Records for this task START

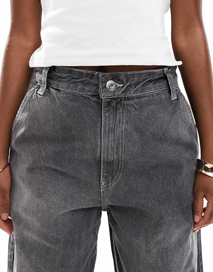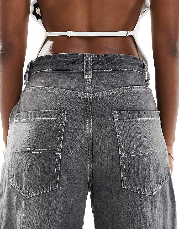 Bershka High Waisted 90s Wide Leg Jeans In Washed Grey For Women
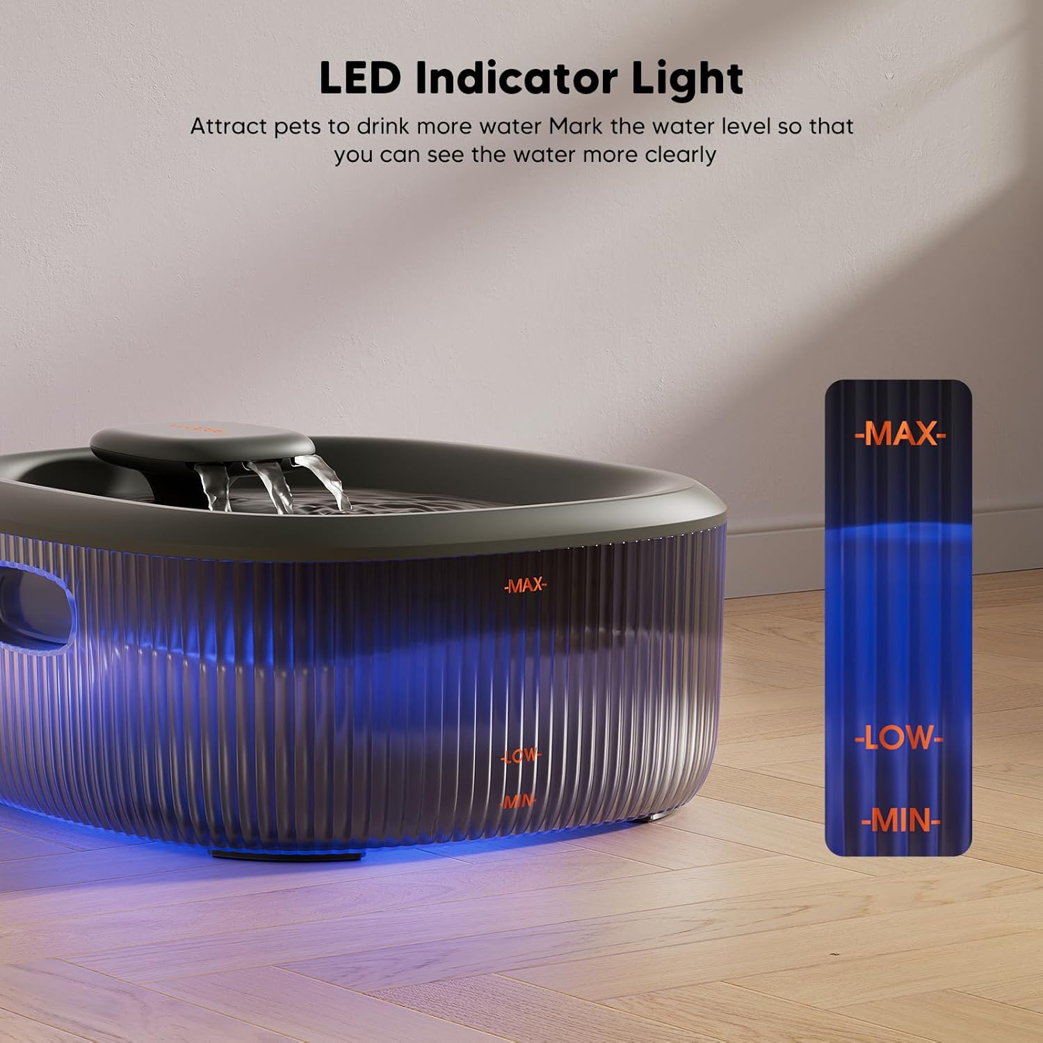 - 【Smart LED Light Reminds Water Fills】Our pet fountain comes with visible water level window, makes it easy to monitor the remaining water levels. WOPET dog water fountain with the upgraded anti-drying water pump, which features power-off protection. When the water level reaches the minimum water level line, (LED light changes from white to red when water runs out), you can refill it for your pet in time without any hassle. And, the water basin still has 16oz of water in case of emergency.
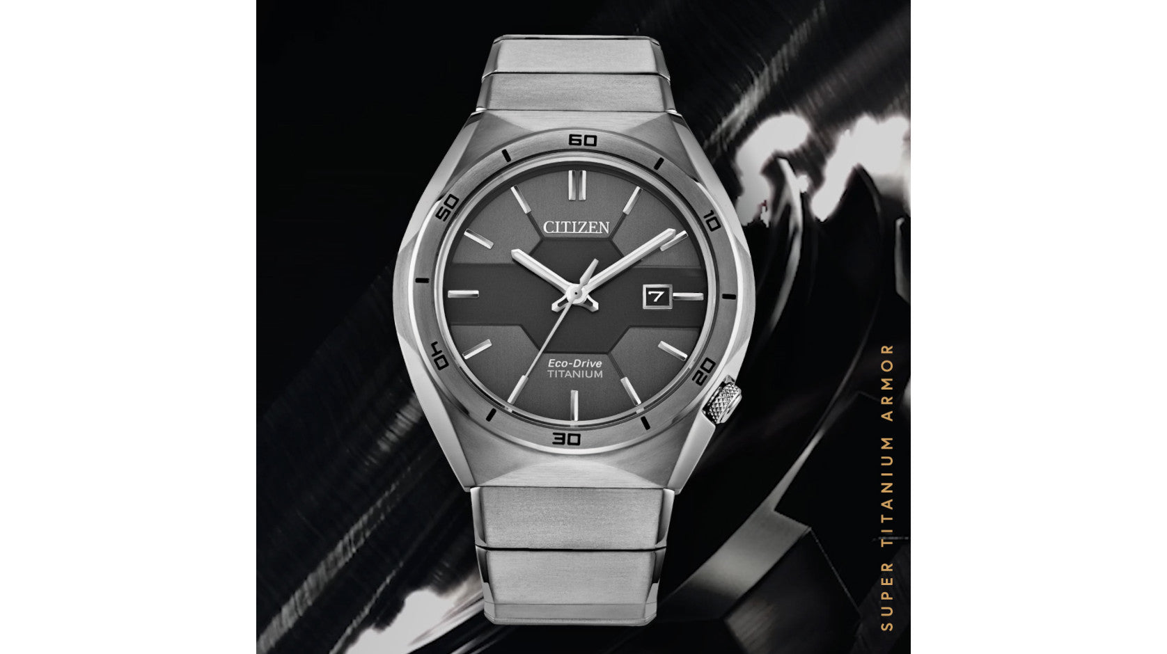 Citizen’s Armor is an Eco-Drive powered watch with a unique story. The super titanium band and case are accented by a grey dial for an evocative armor concept. This bold, sleek timepiece will always stand out from the crowd. The three-hand timepiece features a three-piece case design, making it a truly premium watch for a truly discerning man.
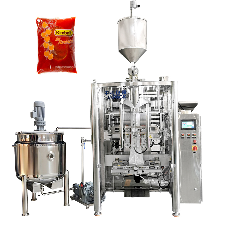 Medición automática del volumen, fabricación de bolsas, llenado, sellado, corte, impresión del número de lote y corte de las muescas de rasgado, transporte del producto terminado. Aplicable para el producto líquido.
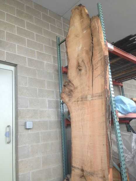 Nuestra losa pin oak fue 11 pies largo cuando llegamos y 3 pulgadas de espesor. Fue probablemente alrededor de 350 libras por estimación de bíceps. Eventualmente se cortará hasta unos 8 pies y 2 pulgadas de espesor.
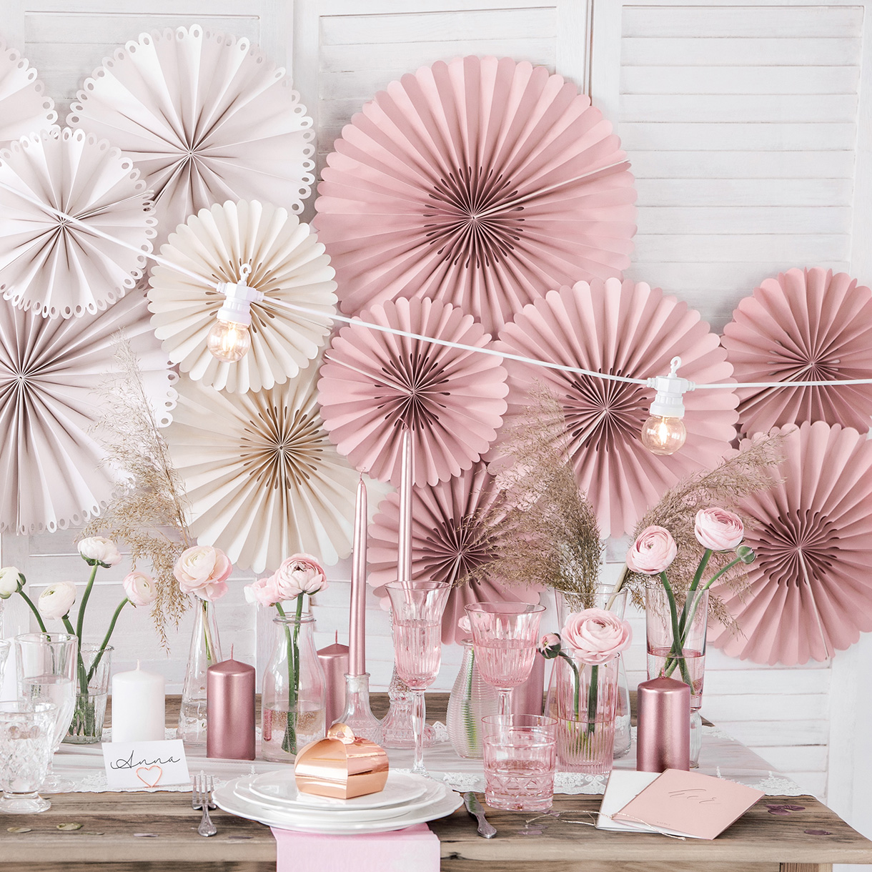 Du kan bruge dem som dekoration mange steder i festlokalet fx over gavebordet, over bordene, på væggene eller sammen med balloner og guirlander måske som velkomstport til festen. Det er også flot at mikse rosetterne med de hvide, lyserøde og guldmønstrede jeg har.
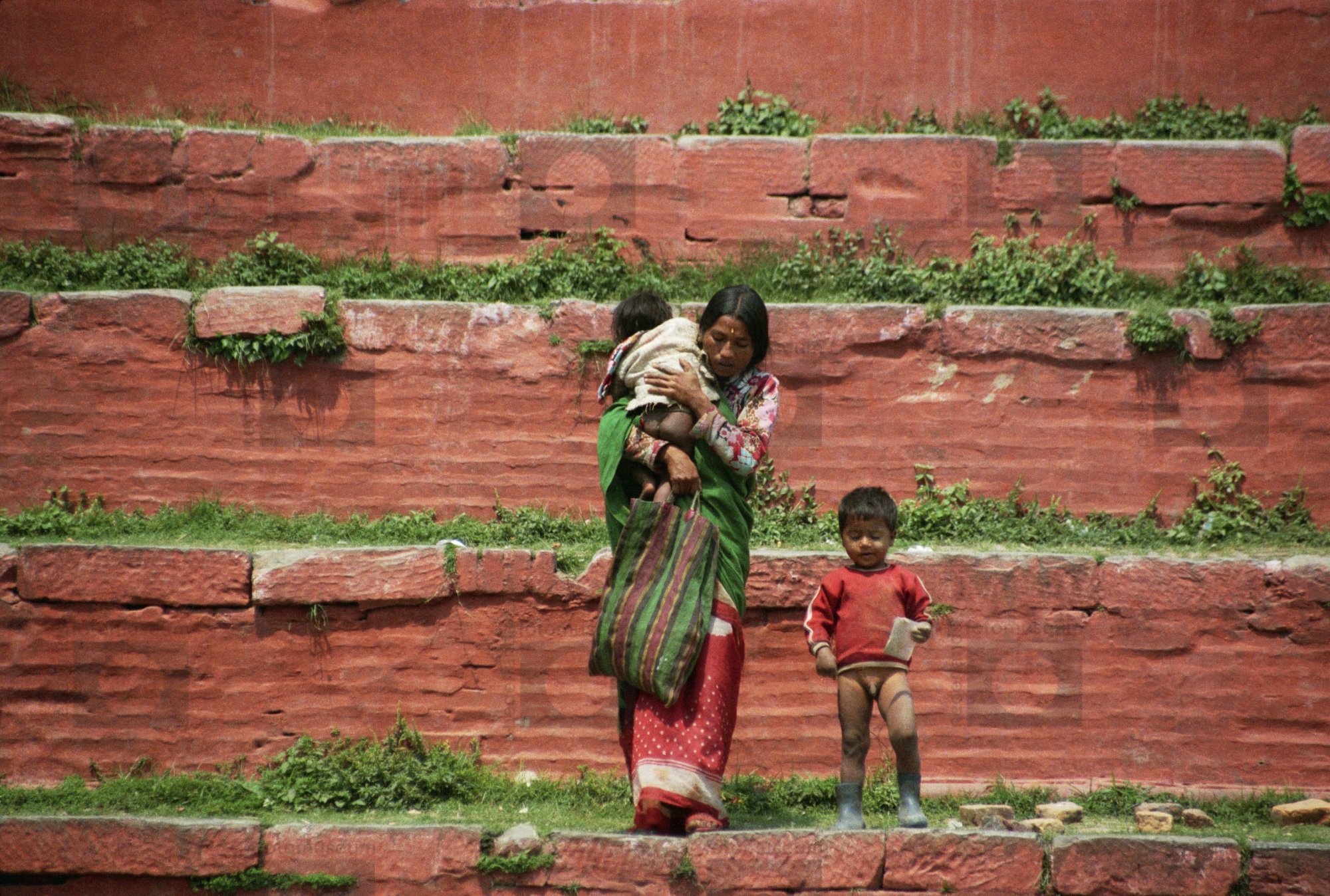 Een groep arme vrouwen en kinderen trachten in Jakar...
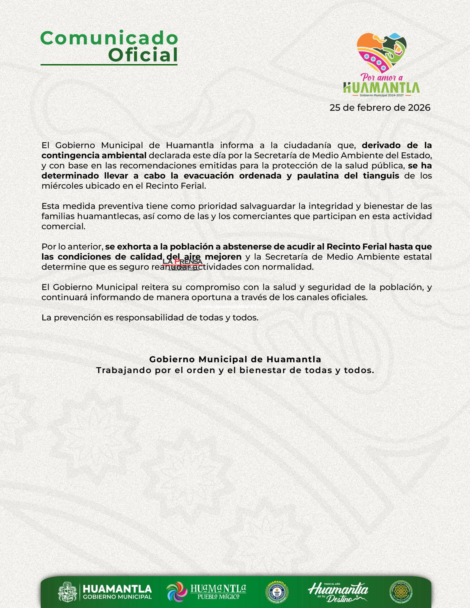 El Gobierno Municipal de Huamantla informa a la ciudadanía que, derivado de la contingencia ambiental declarada este día por la Secretaría de Medio Ambiente del Estado, y con base en las recomendaciones emitidas para la protección de la salud pública, se ha determinado llevar a cabo la evacuación ordenada y paulatina del tianguis de los miércoles ubicado en el Recinto Ferial.
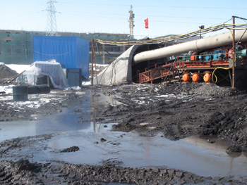 污水橫流的阜康氣煤有限公司二號井施工現(xiàn)場。記者 劉兵/攝 |

Records for this task END

Task details: Everything from the line containing "Een groep arme" to the last line of the listing above is to be written out exactly, except the pictures, and nothing else.

Your solution:
 Een groep arme vrouwen en kinderen trachten in Jakar...
 El Gobierno Municipal de Huamantla informa a la ciudadanía que, derivado de la contingencia ambiental declarada este día por la Secretaría de Medio Ambiente del Estado, y con base en las recomendaciones emitidas para la protección de la salud pública, se ha determinado llevar a cabo la evacuación ordenada y paulatina del tianguis de los miércoles ubicado en el Recinto Ferial.
 污水橫流的阜康氣煤有限公司二號井施工現(xiàn)場。記者 劉兵/攝 |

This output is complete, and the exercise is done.